Scouts Guide to the Zombie Apocalypse

Direction
Cinematography
Acting
Screenplay
Score
2.8

Scouts Guide to the Zombie Apocalypse feels like a pick’n’mix of post-apocalyptic movie tropes, with some sexual pandering and surprisingly touching moments thrown in just to confuse things. It starts out fairly conventional but in a pleasant, confident sort of way. The hero and his foil are well cast and likeable, and the friendship between the central trio of scouts is mildly stirring. The slapstick trailer belies how much heart this movie actually strives and, in the first act anyway, succeeds.”

There’s very little consistency in the type of zombie we’re dealing with here. Some of them are your classic, shambling Romero numbskulls, others are of the 28 Days Later breakneck speed variety, and still others seem to retain a small bit of their personality and complete tasks ranging in complexity from opening a door to dancing on a stripper pole. It allows for some funny sight gags when a zombie is unexpectedly able to do something unusual for a zombie, but mostly it dilutes the drama to where you’re never really sure what the stakes are.

Behind the gross out gags and the juvenile humour though, there’s an almost-touching story here about three friends growing apart as the world collapses around them. But the movie seems hell-bent on avoiding any actual pathos in favour of cheap one-liners and squeezing every last ounce of wit it can out of the zombie gimmick. But Zombieland this is not. There’s just too little to latch onto here. It feels less like a story and more like a grab-bag of set pieces and comedy bits – so much so that when it does delve momentarily into some real storytelling it feels jarring and out of place.

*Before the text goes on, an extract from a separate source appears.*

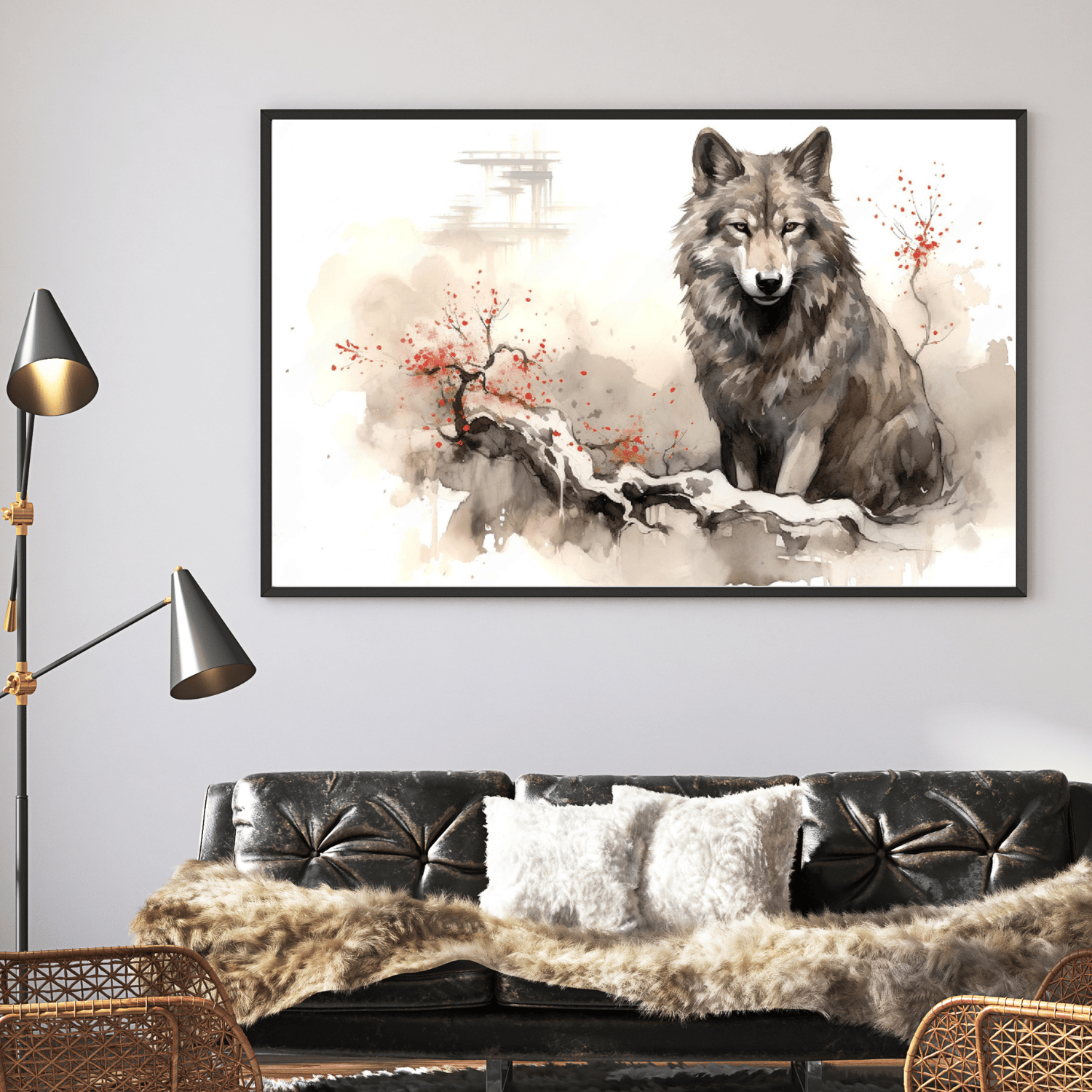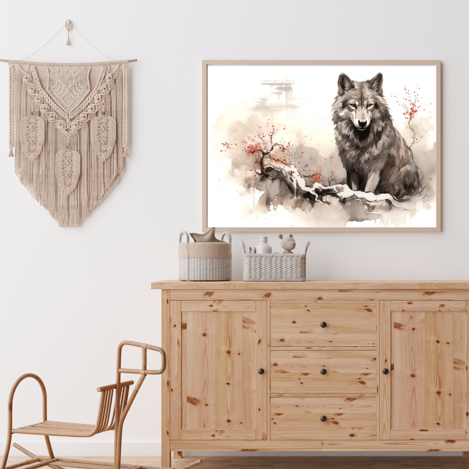 Add a touch of elegance and sophistication to your home with this Oriental Wolf and Cherry Blossom Watercolor Printable Art. This beautiful piece is painted in watercolours in a traditional oriental style, featuring a striking image of a wolf surrounded by delicate cherry blossoms. The high-quality, high-resolution image is easily downloadable and printable, making it a convenient and stylish addition to any room in your home. Perfect for those who appreciate art and nature, this printable art is sure to enhance your home decor. Perfect for adding a pop of color and culture to any room,
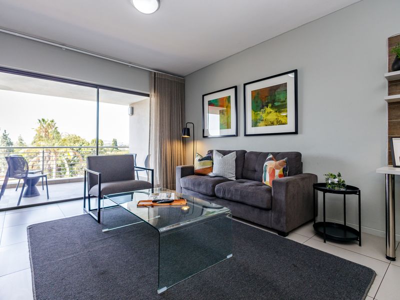 Effortless city living in Morningside, steps from Sandton CBD — light-filled one-bedroom apartment opening onto a tranquil tree-lined communal garden, with pool, clubhouse and covered parking.

David Koechner is great as a Dolly Parton obsessed scout leader while Logan Millar and Joey Morgan do a good job as the funny man and the butt of the joke, respectively. They give the hero, Tye Sheridan, something more tangible than the potential affection of that girl to fight for. Halston Sage punches her card once again as that girl, with another role that’s less about acting and more about being born genetically flawless. Sarah Dumont pours every ounce of ability she has into a role that feels like it was begrudgingly inserted after a focus group complained about the lack of female characters. But her cocktail waitress turned shotgun enthusiast Denise is so thinly drawn that most of her lines are just transparent exposition.

After a muddy mid-section full of hit-and-miss comedy, Scouts Guide… just about finds its feet again towards the end, when most of the madcap Magyver action from the trailer plays out. But by that time you’re not likely going to care what happens to the characters and will be in it just for the R-rated gore and carnage. Though the kernel of a good story about three friends crouches safely at this film’s core, it’s surrounded by a swirling vortex of whatever the filmmakers could rip off from better zombie movie predecessors.  It just seems a waste that a studio chose to go with focus group storytelling over making its own mark on an already well-worn genre.